NuExtract-2-2B-GGUF Model Repository

This repository contains the GGUF (GGML Universal Format) versions of the NuMind/NuExtract-2.0-2B model, ready for use with llama.cpp and other GGUF-compatible tools.

These files were generated using the latest convert_hf_to_gguf.py and llama-quantize tools from the llama.cpp repository.

Original Model Information

Original HF Repo: NuMind/NuExtract-2.0-2B
Base Model: Based on the Qwen2-VL-2B-Instruct architecture.
Description: NuExtract 2.0 is a powerful, multilingual family of models specialized for structured information extraction from various sources, including images.

This GGUF conversion allows the model to run efficiently on a wide range of consumer hardware (CPU and GPU).

Provided Files & Quantization Details

This repository offers multiple quantization levels to suit different hardware and performance needs. Quantization reduces model size and memory usage, often with a minimal impact on quality. The "K-Quants" (_K_) are generally recommended over the older quant types.

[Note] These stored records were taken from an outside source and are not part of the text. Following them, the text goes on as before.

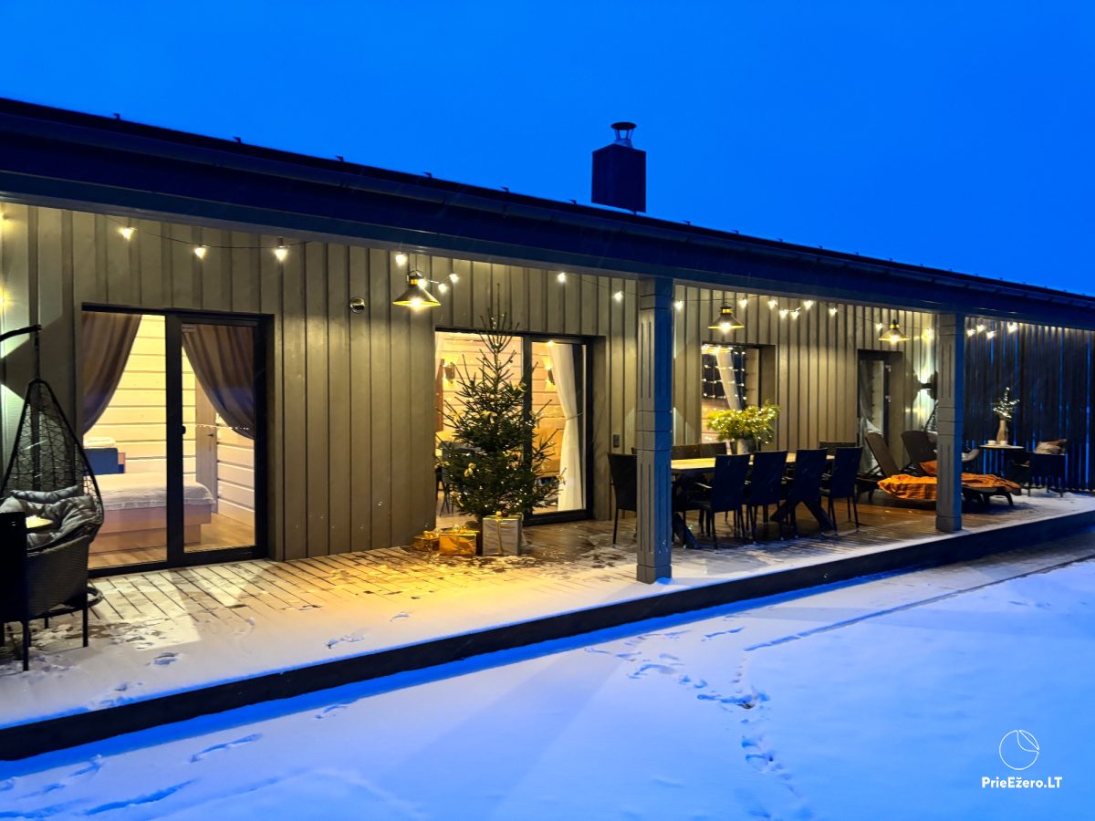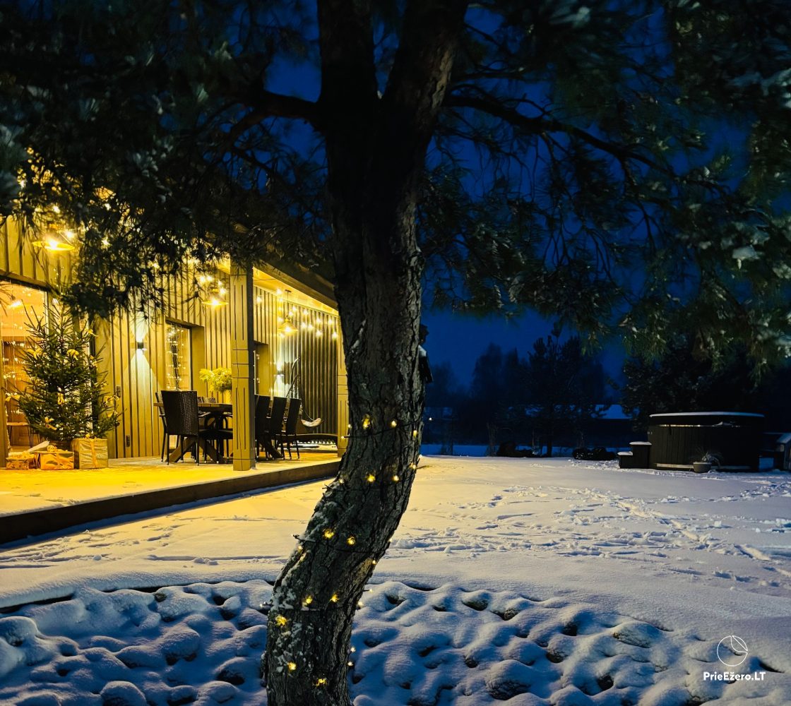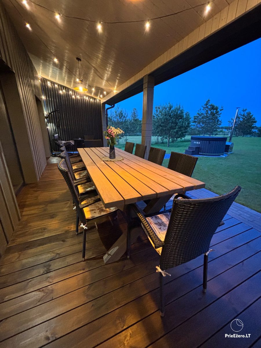 – Didelė terasa su dideliu 10- ies vietų stalu, gultai, lauko baldais ir kubilu vakarams po žvaigždėmis.
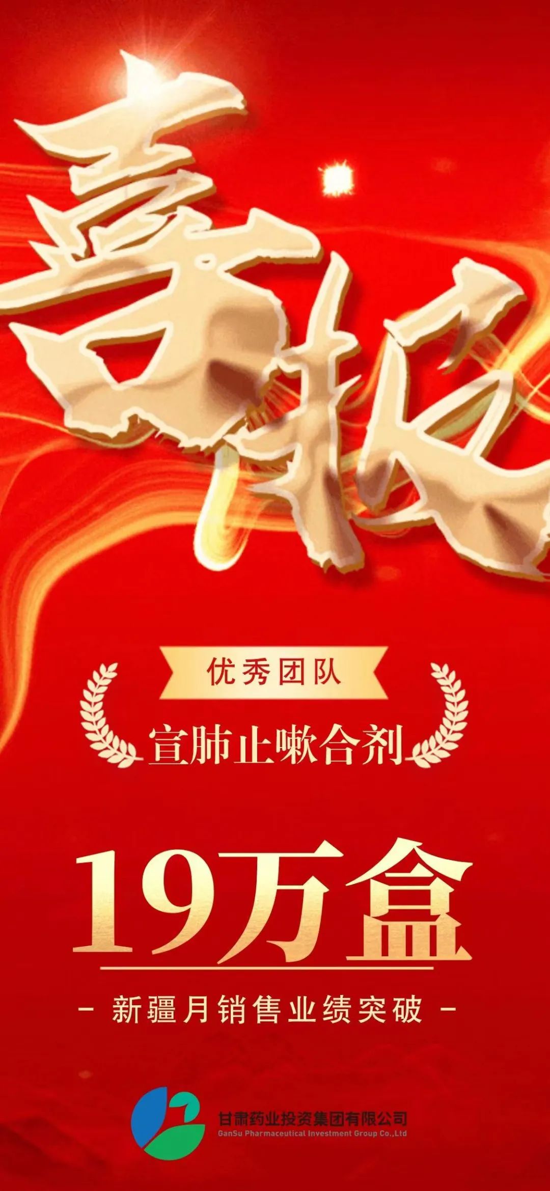 喜報!宣肺止嗽合劑新疆月銷售業(yè)績突破19萬盒
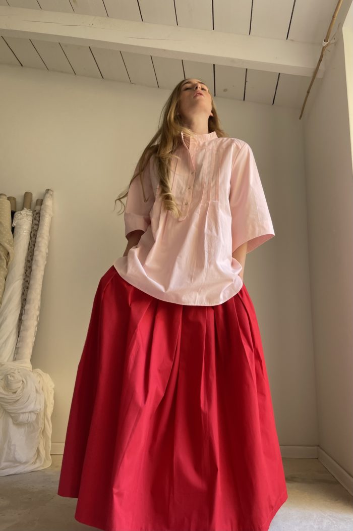 Chemisier « LILY » en popeline de coton rose pâle, manches 3/4, plis plats, petites fronces dans le dos. Une coupe minimaliste et élégante. PIÈCE UNIQUE
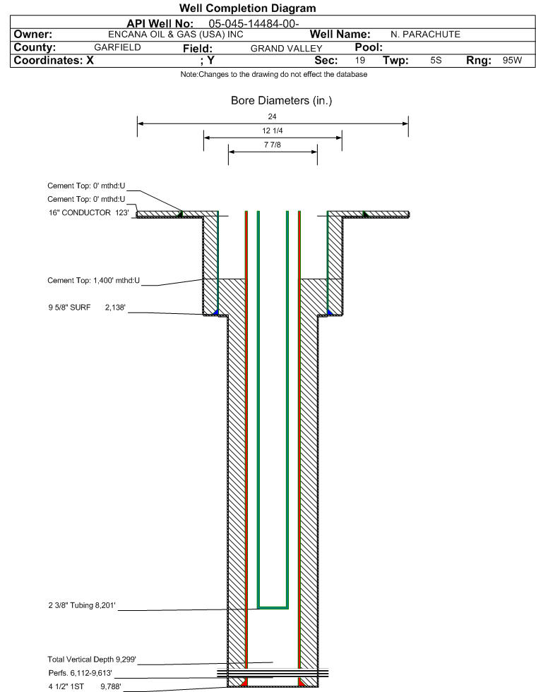 | Wellbore Completed | | Completion Date: | 6/17/2008 | | Spud Date: | 6/6/2008 | Spud Date Is: | ACTUAL | | Measured TD: | 9800 ft. | Measured PB depth: | 9744 ft. | | True Vertical TD: | 9299 ft. | True Vertical PB depth: | 9243 ft. | | Top PZ Location: | Sec:24 Twp: 5S 96W | Footage: 530 FNL 565 FEL | | Bottom Hole Location: | Sec:24 Twp: 5S 96W | Footage: 530 FNL 565 FEL | | Log Types: | CBL, MUD | | Casing: | String Type: CONDUCTOR, Hole Size: 24 in., Size: 16 in., Top: 0 ft., Depth: 123 ft., Weight: , Citings Type: ACTUAL | | Cement: | Sacks: 400, Top: 0 ft., Bottom: 100 ft., Determination Method: CALC | | Casing: | String Type: SURF, Hole Size: 12.25 in., Size: 9.625 in., Top: 0 ft., Depth: 2138 ft., Weight: , Citings Type: ACTUAL | | Cement: | Sacks: 475, Top: 0 ft., Bottom: 2180 ft., Determination Method: CALC | | Casing: | String Type: 1ST, Hole Size: 7.875 in., Size: 4.5 in., Top: 0 ft., Depth: 9788 ft., Weight: , Citings Type: ACTUAL | | Cement: | Sacks: 1285, Top: 1400 ft., Bottom: 9800 ft., Determination Method: CBL | | Formation | Interval Top | Log Bottom | Cored | DSTs | | WILLIAMS FORK | 6059 ft. | 9789 ft. | N | N | | ROLLINS | 9789 ft. | 9800 ft. | N | N |
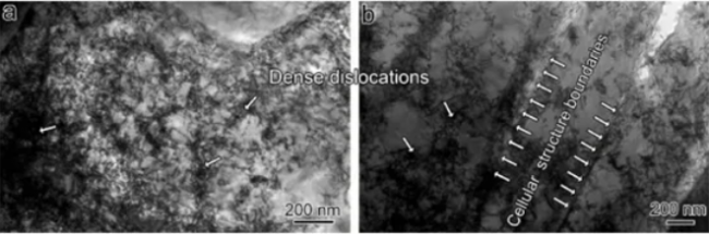 图12. 亮场TEM图像显示了竣工样品(a)在晶粒中和(b)在蜂窝状结构中的密集位错(白色箭头)(两排白色箭头表示蜂窝状结构边界)。

File Name	Quantization Method	Size	Notes
`NuExtract-2-2B-Q4_K_M.gguf`	`Q4_K_M`	1.1 GB	Balanced Default. The best all-around choice for quality, speed, and size.
`NuExtract-2-2B-Q5_K_M.gguf`	`Q5_K_M`	1.3 GB	High Quality. A great balance, noticeably better than 4-bit. Recommended if you have >2GB VRAM.
`NuExtract-2-2B-Q6_K.gguf`	`Q6_K`	1.5 GB	Very High Quality. Excellent quality with a significant size reduction over 8-bit.
`NuExtract-2-2B-Q8_0.gguf`	`Q8_0`	1.9 GB	Highest Quality. Nearly lossless. Use for benchmarks or if you want the best possible output.
`NuExtract-2-2B-IQ3_S.gguf`	`IQ3_S`	848 MB	Good Compression. A smart 3-bit quant for memory-constrained systems.
`NuExtract-2-2B-Q3_K_M.gguf`	`Q3_K_M`	920 MB	A good alternative 3-bit quant.
`NuExtract-2-2B-Q2_K.gguf`	`Q2_K`	737 MB	Maximum Compression. Very small size, but expect a significant drop in quality.
`NuExtract-2-2B-experimental-fp16.gguf`	`F16`	3.6 GB	Unquantized. Full 16-bit precision. For developers who wish to perform their own quantization.

Note: Older quant types (Q4_0, Q5_0, etc.) are also provided but the _K and IQ versions are generally superior.

How to Use

You can use these models with any program that supports GGUF, such as llama.cpp, Ollama, LM Studio, and many others.